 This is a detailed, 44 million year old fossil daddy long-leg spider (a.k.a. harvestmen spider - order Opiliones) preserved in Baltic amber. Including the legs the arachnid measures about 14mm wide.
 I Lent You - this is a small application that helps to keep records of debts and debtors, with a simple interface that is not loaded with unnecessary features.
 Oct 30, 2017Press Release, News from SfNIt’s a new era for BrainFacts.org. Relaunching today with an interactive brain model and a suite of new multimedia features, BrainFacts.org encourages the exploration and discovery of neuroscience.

...

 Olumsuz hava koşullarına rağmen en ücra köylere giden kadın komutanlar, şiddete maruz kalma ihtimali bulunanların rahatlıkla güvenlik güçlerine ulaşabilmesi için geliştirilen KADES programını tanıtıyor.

ACTIVITY: With the line holding "This is a detailed, 44" as the first and the line holding "Oct 30, 2017Press" as the last, set down that range of the entries above exactly, and nothing else.

OUTPUT OF THE EXERCISE:
 This is a detailed, 44 million year old fossil daddy long-leg spider (a.k.a. harvestmen spider - order Opiliones) preserved in Baltic amber. Including the legs the arachnid measures about 14mm wide.
 I Lent You - this is a small application that helps to keep records of debts and debtors, with a simple interface that is not loaded with unnecessary features.
 Oct 30, 2017Press Release, News from SfNIt’s a new era for BrainFacts.org. Relaunching today with an interactive brain model and a suite of new multimedia features, BrainFacts.org encourages the exploration and discovery of neuroscience.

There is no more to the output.